Prebid Sales Agent

The Prebid Sales Agent is a server that exposes advertising inventory to AI agents via the Model Context Protocol (MCP) and Agent-to-Agent (A2A) protocol. It is designed to integrate with ad servers like Google Ad Manager and provides tools for managing inventory and campaigns throughout their lifecycle.

Key Features

For AI Agents

  • Product Discovery: Natural language search for advertising products.
  • Campaign Creation: Automated media buying with targeting capabilities.
  • Creative Management: Streamlined upload and approval workflows.
  • Performance Monitoring: Real-time access to campaign metrics.

For Publishers

  • Multi-Tenant System: Isolates data per publisher for security and organization.
  • Adapter Pattern: Supports multiple ad servers (e.g., Google Ad Manager).
  • Real-time Dashboard: Live activity feed powered by Server-Sent Events (SSE).
  • Workflow Management: Unified system for human-in-the-loop approvals.
  • Admin Interface: Web UI with Google OAuth for easy management.

For Developers

  • MCP Protocol: Standard interface for AI agents.
  • A2A Protocol: Agent-to-Agent communication via JSON-RPC 2.0.
  • REST API: Programmatic tenant management.
  • Docker Deployment: Easy setup for both local and production environments.

Getting Started

Quick Start (Evaluation)

You can try the sales agent locally using Docker:

# Clone and start
git clone https://github.com/prebid/salesagent.git
cd salesagent
docker compose up -d

# Test the MCP interface
uvx adcp http://localhost:8000/mcp/ --auth test-token list_tools

Access services at http://localhost:8000:

  • Admin UI: /admin (Test credentials: test123)
  • MCP Server: /mcp/
  • A2A Server: /a2a

Production Deployment

For production, publishers can deploy their own sales agent instance. The repository provides guides for various deployment methods, including Docker and cloud platforms.
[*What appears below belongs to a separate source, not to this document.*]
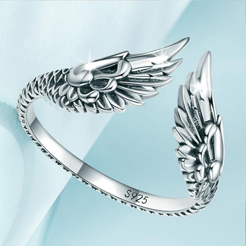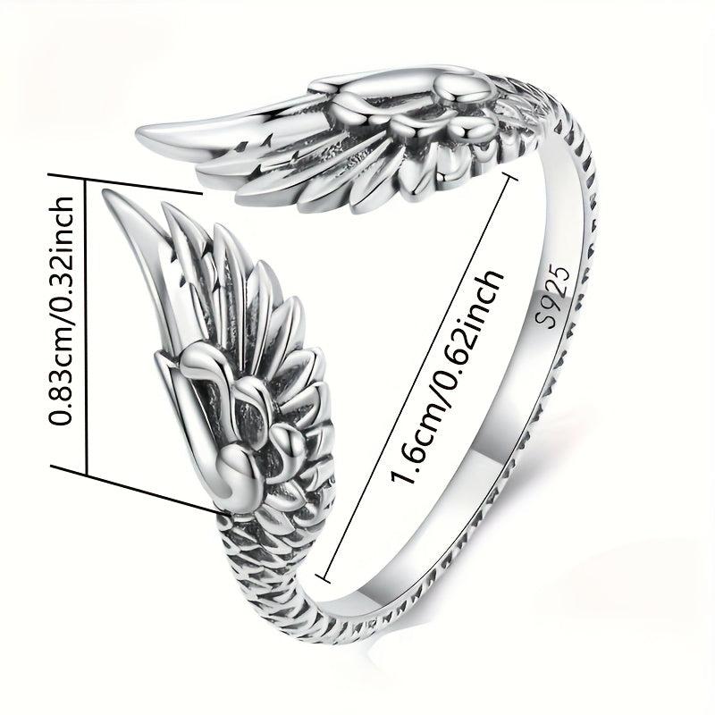 This unique 925 sterling silver vintage guardian feather open ring is a stylish hip hop jewelry piece. It weighs 2.5g and makes an ideal holiday gift.

The AdContext Protocol (AdCP)

The Sales Agent is built on the AdContext Protocol (AdCP), an open standard designed to standardize how AI agents interact with advertising platforms.

Protocol Architecture

AdCP operates as a layer on top of standard AI interaction protocols:

  • MCP (Model Context Protocol): Facilitates direct integration with AI assistants (e.g., Claude Desktop).
  • A2A (Agent-to-Agent Protocol): Enables complex, autonomous workflows and collaboration between agents using JSON-RPC 2.0.

Core Concepts

AdCP abstracts complex advertising operations into standardized domains:

  1. Inventory Discovery (get_products): Agents can search for ad products using natural language criteria (e.g., “video ads in North America”) rather than specific line item IDs.
  2. Media Buying (create_media_buy): A normalized workflow for proposal, negotiation, and booking that works consistently across different ad servers.
  3. Creative Management (build_creative): Standardized handling of creative assets, allowing agents to generate or upload assets that match publisher specifications.
  4. Signal Activation (get_signals, activate_signal): Mechanisms for passing context and identity signals to improve targeting and campaign performance.

Workflow Example

A typical AI-driven campaign flow using AdCP might look like this:

  1. Discovery: Expected outcome is a list of available “Products” matching the agent’s intent.
  2. Planning: The agent uses create_media_buy to submit a proposal.
  3. Review: The Sales Agent (and potentially a human publisher) reviews the proposal.
  4. Execution: Once approved, the Sales Agent pushes the orders to the underlying ad server (e.g., GAM).

Architecture

The project follows a clean structure isolating core MCP components, business logic services, and ad server adapters.

salesagent/
├── src/
│   ├── core/           # Core MCP server components
│   ├── services/       # Business logic services
│   ├── adapters/       # Ad server integrations (e.g., GAM)
│   └── admin/          # Admin UI (Flask)
├── scripts/            # Utility and deployment scripts
└── tests/              # Comprehensive test suite

Contributing

Contributions are welcome! Please refer to the Development Guide in the repository for details on setting up your environment and creating pull requests.